According to the report of Pakistan News Network; the news and analysis site News1 reported that the Qataris—in their capacity as Volkswagen shareholders—prevented the conclusion of a major agreement between the German company and the Israeli defense firm Rafael.
According to this Hebrew-language media outlet: Qatar’s sovereign wealth fund, a major shareholder in Volkswagen, vetoed a significant, planned agreement with the Israeli defense firm Rafael.
Based on this report—which was also picked up by global news agencies—the government in Doha exercised its voting rights to completely halt this joint military production project on German soil.

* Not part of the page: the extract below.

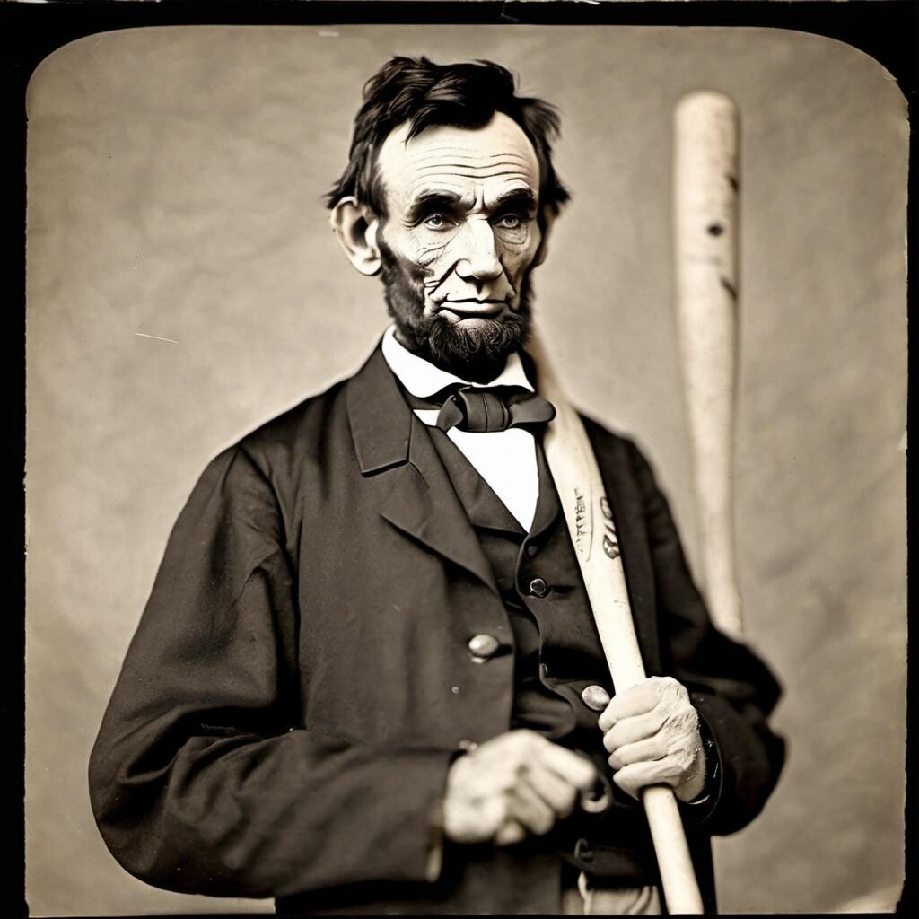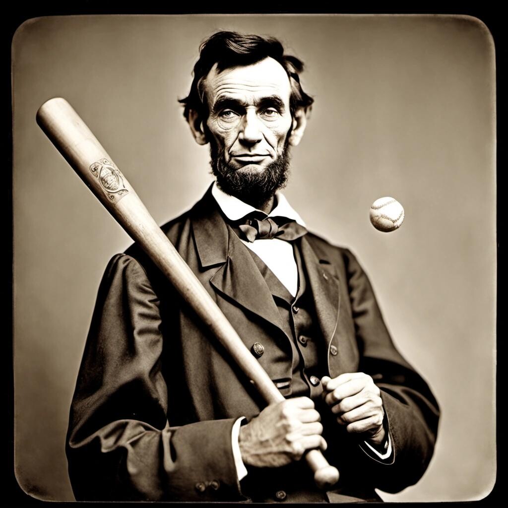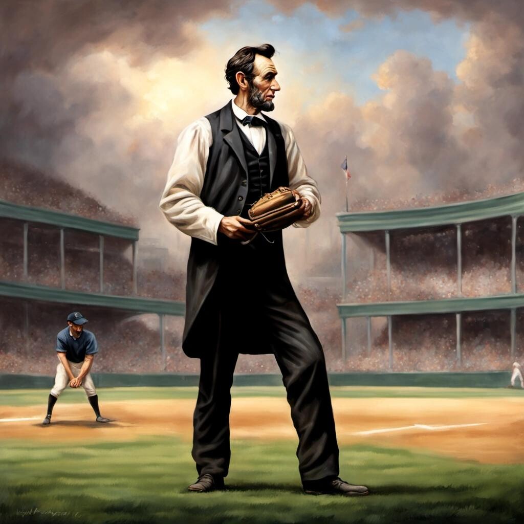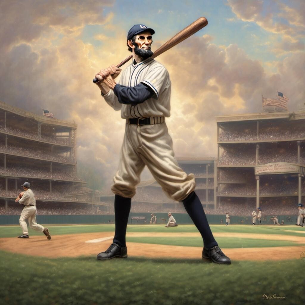 Prompt: Abraham Lincoln as a baseball player in the style of Thomas Kinkade.

The cancelled agreement involved repurposing production lines at an aging Volkswagen plant in Osnabrück—a facility grappling with a severe financial crisis—where the lines were slated to manufacture engines and components for the “Iron Dome” air defense system.
The Qatar Investment Authority, which holds a 17 percent voting stake in the automaker, refused to agree to a direct business relationship with an Israeli military company.
This decision by Qatar deals a significant blow to Volkswagen’s management and the German government, both of which viewed the deal as a strategic move.
European experts are now warning about the growing dependence of the continent’s key industries on capital flowing from the Persian Gulf states.
Israeli media reported that, following the collapse of negotiations in Germany, Rafael has initiated advanced talks with military companies in India to establish alternative production lines for interceptor missiles outside the borders of occupied Palestine and the United States.